Chronoswiss premiers its new Space Timer collection with two models, the Space Timer Moonwalk and the Space Timer Jupiter.

Both 44mm steel models echo the Lucerne-based watchmaker’s Open Gear regulator series, with its hour display hand at 12 o’clock, prominent central minutes hand, a visible gear train (with massive skeltonized  bridge) and the trademark Chronoswiss onion crown.

The new Chronoswiss Space Timer Moonwalk.

But these new Space Timer models differ from the Open Gear series with a celestial theme that replaces the retrograde seconds hand with a large moon phase and date sub-dial.  

For the Moonwalk model, Chronoswiss naturally emphasizes that moon-phase display, crafting it from titanium and placing tiny steel beads around the sundial as date markers, set between Arabic numerals.

The hour and date disks are both made of ITR2, a new-generation carbon nanotube-based material that Chronoswiss says is eight times lighter than steel and can be polished, sandblasted, painted or satin finished. 

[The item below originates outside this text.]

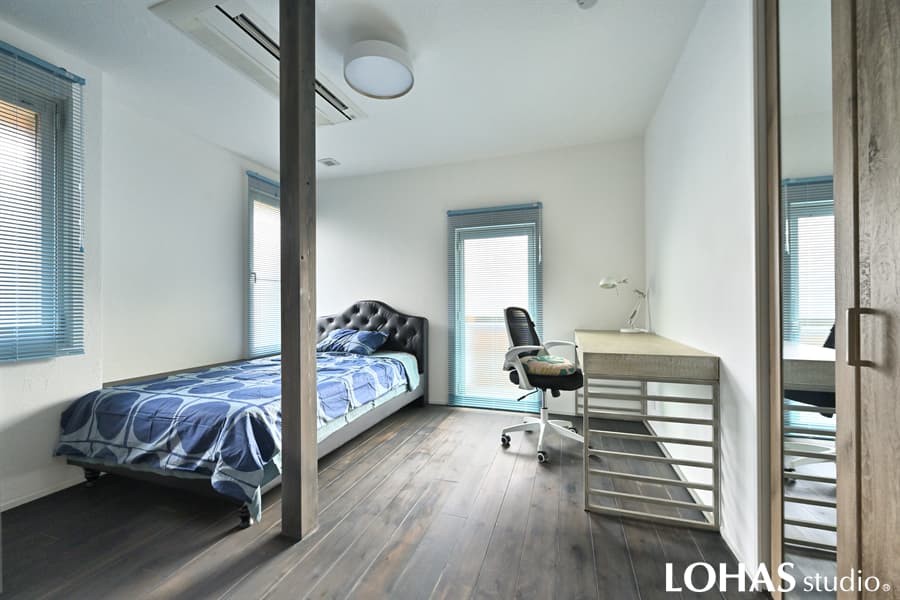 【施工事例】無垢フローリング パイン ダークグレー塗装

Here, the watchmaker has partially skeletonized the hour display in part to “create the illusion that time – the day, the moon, the stars – seem to float in the interstellar void.”

Chronoswiss also developed a hand-crafted guilloche ‘Moonwalk’ pattern to decorate the dial. When the large SuperLuminova cylindrical markers (and even the luminous hands) throw light on that rolling, zigzag guilloché pattern, the resulting reflections recall the sun’s reflections on moon’s surface.

All the skeletonized hands, including the red date indicator, are powered by the ETA-based Chronoswiss C.308 automatic movement, visible via the sapphire back and displaying an oscillating weight finished with a Cote de Geneve.

Gassy Jupiter 

Instead of a patterned guilloche dial, the Chronoswiss Space Timer Jupiter shines with a laser-sculpted dial with a nano-print finish designed to mimic the sandy hues and drifting gases of the massive planet.

The new Chronoswiss Space Timer Jupiter.

And unlike the blue ITR2 date disk found on the Moonwalk, the Planet Jupiter offers a translucent ITR2 disk that, as on the Moonwalk, is set with tiny steel ‘micro-planets.’ A sand-colored titanium sphere illuminates the moon phase, matching the larger dial.

The Chronoswiss Space Timer Jupiter is also powered by the ETA-based Chronoswiss C.308 automatic caliber.  

Chronoswiss is inaugurating its Space Timer collection with both the Space Timer Jupiter and the Space Timer Moonwalk, each as a limited edition of fifty. Each new model is priced at $17,100.